### Activity
What is needed here is an exact repetition of the records below, beginning at the line that has "Deze bordeaux pantalon" and stopping after the line that has "Accelerate your portal".

### Raw data
*** Begin section ***

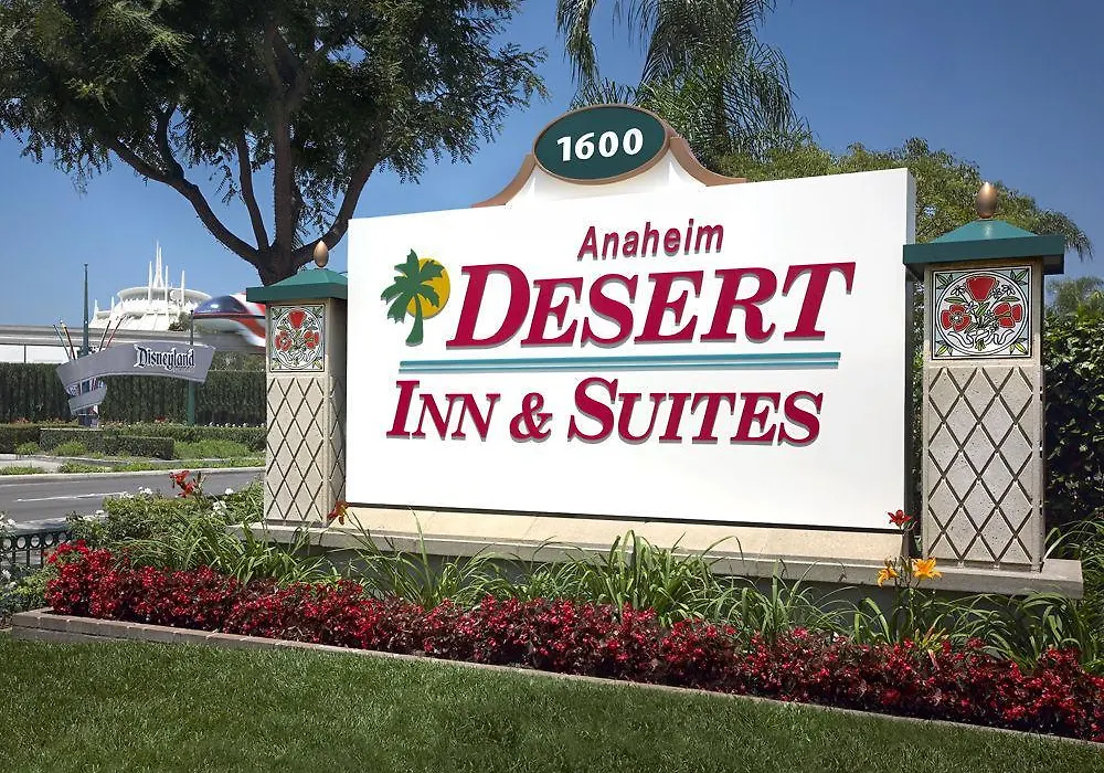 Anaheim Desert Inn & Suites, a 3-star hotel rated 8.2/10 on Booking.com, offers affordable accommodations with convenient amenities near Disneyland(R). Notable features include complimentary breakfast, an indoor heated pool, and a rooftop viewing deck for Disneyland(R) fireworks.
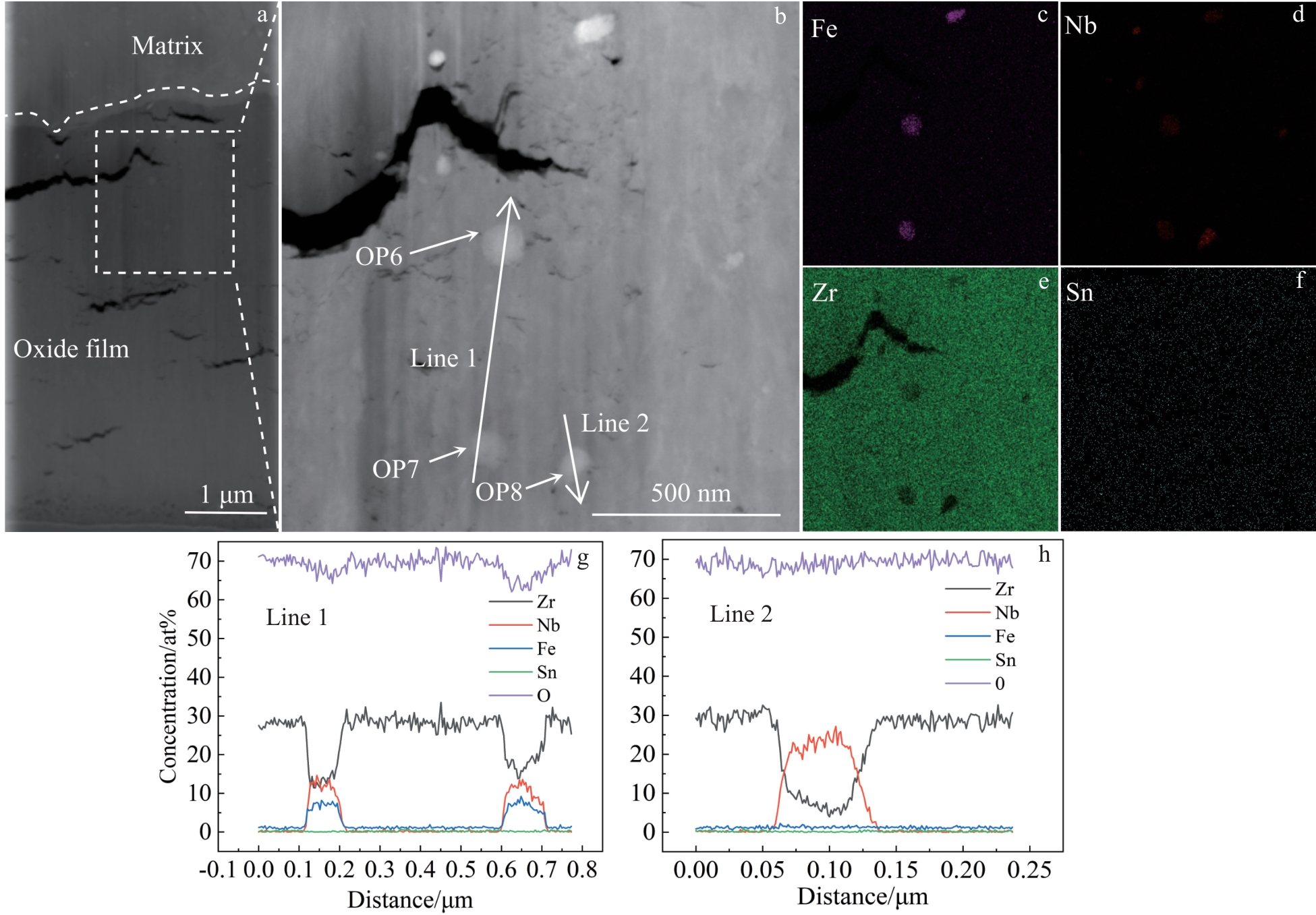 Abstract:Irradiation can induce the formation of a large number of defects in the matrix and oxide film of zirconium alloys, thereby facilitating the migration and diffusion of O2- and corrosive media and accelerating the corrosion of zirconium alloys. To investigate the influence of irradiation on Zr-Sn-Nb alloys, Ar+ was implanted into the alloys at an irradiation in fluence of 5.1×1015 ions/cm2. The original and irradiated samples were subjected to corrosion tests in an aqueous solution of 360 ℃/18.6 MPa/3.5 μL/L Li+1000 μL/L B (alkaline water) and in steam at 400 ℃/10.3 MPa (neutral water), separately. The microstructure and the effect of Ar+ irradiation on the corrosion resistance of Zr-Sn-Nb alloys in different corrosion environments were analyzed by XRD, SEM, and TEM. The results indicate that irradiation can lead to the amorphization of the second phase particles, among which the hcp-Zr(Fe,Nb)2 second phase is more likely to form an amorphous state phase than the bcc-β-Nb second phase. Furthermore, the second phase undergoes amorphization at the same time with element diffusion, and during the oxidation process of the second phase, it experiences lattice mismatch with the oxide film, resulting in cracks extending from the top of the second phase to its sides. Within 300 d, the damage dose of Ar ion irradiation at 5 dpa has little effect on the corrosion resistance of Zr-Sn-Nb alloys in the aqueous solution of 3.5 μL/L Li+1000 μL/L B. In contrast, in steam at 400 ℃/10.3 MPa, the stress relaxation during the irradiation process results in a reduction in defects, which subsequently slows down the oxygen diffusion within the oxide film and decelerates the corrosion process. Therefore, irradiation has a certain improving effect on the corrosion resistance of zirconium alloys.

*** End section ***
*** Begin section ***

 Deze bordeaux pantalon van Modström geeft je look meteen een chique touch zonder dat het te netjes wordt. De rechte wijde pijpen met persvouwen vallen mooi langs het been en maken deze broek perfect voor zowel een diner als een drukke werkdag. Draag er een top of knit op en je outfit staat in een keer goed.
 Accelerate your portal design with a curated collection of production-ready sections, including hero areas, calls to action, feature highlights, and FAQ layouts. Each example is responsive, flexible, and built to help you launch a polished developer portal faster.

*** End section ***
*** Begin section ***

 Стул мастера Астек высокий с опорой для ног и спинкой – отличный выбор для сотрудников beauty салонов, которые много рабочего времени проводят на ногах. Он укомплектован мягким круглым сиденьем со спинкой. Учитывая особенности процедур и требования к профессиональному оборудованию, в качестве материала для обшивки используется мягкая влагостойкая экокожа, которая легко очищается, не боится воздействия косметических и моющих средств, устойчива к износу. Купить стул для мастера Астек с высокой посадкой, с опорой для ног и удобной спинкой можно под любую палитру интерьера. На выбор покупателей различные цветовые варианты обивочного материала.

*** End section ***

### Answer for this exercise
 Deze bordeaux pantalon van Modström geeft je look meteen een chique touch zonder dat het te netjes wordt. De rechte wijde pijpen met persvouwen vallen mooi langs het been en maken deze broek perfect voor zowel een diner als een drukke werkdag. Draag er een top of knit op en je outfit staat in een keer goed.
 Accelerate your portal design with a curated collection of production-ready sections, including hero areas, calls to action, feature highlights, and FAQ layouts. Each example is responsive, flexible, and built to help you launch a polished developer portal faster.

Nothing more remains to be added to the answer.